8) Wolf Alice - Visions Of A Life
Good luck summing this one up. Ellie, Theo, Joff and Joel sound like they've raided the musical pick'n'mix counter, grabbing handfuls of grunge and dream-pop and punk shoegaze and anything else that takes their fancy - Ellie even borrows Neil Tenant's deadpan vocal "stylings" on Sky Musings. But somehow it works. You can holler along to Beautifully Unconventional, you can spit at Yuk Foo, you can swoon to Don't Delete The Kisses.

"I think hummus is quite a good analogy for our album," Ellie told me in September. "You get all these different varieties but at the end of the day they're all hummus."
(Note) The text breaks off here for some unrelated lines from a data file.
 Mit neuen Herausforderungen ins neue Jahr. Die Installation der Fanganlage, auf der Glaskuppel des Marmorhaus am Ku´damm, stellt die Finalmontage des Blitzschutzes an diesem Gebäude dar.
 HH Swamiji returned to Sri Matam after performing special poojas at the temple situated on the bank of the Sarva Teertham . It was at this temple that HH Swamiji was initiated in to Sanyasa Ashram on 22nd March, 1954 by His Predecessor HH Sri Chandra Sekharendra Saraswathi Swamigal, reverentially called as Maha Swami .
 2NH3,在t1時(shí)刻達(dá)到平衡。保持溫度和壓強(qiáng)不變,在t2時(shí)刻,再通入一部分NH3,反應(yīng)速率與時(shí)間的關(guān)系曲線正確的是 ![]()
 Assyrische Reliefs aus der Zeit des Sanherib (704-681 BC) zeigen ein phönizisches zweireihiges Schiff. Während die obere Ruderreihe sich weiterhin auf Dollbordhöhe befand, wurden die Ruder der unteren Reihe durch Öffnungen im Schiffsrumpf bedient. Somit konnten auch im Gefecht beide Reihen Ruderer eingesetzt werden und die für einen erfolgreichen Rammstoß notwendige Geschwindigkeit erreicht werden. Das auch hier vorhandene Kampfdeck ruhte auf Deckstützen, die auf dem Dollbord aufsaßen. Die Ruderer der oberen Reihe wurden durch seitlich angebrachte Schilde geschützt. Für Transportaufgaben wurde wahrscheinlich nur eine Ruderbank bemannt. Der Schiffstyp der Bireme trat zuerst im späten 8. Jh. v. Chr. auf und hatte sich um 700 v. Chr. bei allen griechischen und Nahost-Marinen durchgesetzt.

Told you it was impossible to sum up.

7) Kendrick Lamar - Damn
The fire, the fury, the blood, the piss, the faith, the doubt, the humility, the false humility, the Rihanna duet, the breezy, casual competence of it all. At this point, he's basically showing off.

6) Paramore - After Laughter
Paramore's technicolor fifth album completes their transformation into pin-sharp pop stars - but not, like, Katy Perry or anything. ("I can't imagine getting up there and playing a Max Martin song – at that point we might as well just stop," guitarist Taylor York told The New York Times in April).
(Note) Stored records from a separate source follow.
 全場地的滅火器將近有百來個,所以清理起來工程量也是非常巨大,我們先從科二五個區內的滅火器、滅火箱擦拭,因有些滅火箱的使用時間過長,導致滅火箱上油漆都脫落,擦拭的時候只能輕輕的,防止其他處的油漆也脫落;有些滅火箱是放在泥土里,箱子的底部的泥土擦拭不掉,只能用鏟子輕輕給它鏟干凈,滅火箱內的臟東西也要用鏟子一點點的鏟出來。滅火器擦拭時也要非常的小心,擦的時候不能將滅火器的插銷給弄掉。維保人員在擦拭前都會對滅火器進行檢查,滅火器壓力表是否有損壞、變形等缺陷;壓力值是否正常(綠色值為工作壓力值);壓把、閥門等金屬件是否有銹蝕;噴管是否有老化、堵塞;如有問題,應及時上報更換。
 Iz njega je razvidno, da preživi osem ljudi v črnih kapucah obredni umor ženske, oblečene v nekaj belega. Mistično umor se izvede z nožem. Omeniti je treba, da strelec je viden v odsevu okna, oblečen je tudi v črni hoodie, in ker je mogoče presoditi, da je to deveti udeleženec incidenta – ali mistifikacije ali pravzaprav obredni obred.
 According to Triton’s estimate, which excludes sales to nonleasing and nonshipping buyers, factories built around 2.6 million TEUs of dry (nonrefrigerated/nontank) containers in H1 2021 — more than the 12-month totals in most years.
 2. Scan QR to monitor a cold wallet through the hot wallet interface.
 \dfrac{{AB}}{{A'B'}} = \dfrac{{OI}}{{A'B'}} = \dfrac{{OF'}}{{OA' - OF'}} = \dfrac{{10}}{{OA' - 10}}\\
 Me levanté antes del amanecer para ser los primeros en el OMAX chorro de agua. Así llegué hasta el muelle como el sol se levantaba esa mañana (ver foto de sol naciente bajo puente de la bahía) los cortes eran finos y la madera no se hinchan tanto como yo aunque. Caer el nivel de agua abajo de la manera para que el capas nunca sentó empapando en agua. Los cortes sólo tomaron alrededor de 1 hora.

Instead, they take their cues from the angular elbows and polyrhythms of Talking Heads and Cyndi Lauper, while Hayley Williams picks at the scabs of her depression in a procession of unflinchingly stark lyrics.

My favourite track is Rose Colored Boy - where she rages against an irritatingly glass-half-full acquaintance. "And oh, I'm so annoyed," she hisses, "'Cause I just killed off what was left of the optimist in me". Sad-dancing hasn't been this good since Robyn last released an album.

5) Lorde - Melodrama

Too clever for its own good, Lorde's second album suffers from a surfeit of ideas. When they work (the conspiratorial tongue click on Perfect Places, the submerged vocal samples of Sober) it's glorious. But other tracks threaten to collapse under the weight of their ambition. It's telling that the standout moments are the simplest: Liability and Writer In The Dark.

But you can't argue with Ella Yelich-O'Connor's facility with melody, nor her gothic, awkward, evocative lyrics - somehow cool in their lack of coolness.

"We're the greatest/ They'll hang us in the Louvre / Down the back... but who cares? Still the Louvre" is a stand-out, but my absolute favourite is "I'm closing my teeth around this liquor-wet lime".

A flawed masterpiece.

4) Dua Lipa - Dua Lipa

Was it groundbreaking? No.
Did it rewrite pop history? No.
Was it an unimpeachable collection of pop songs? Yes.

New Rules was the standout, naturally, but you get six other singles for your money, from the self-descriptive Hotter Than Hell to the ridiculously danceable Blow Your Mind (Mwah). And check out Dua's sultry, husky vocals on Thinking 'Bout You for proof that she's set to be the UK's finest pop star.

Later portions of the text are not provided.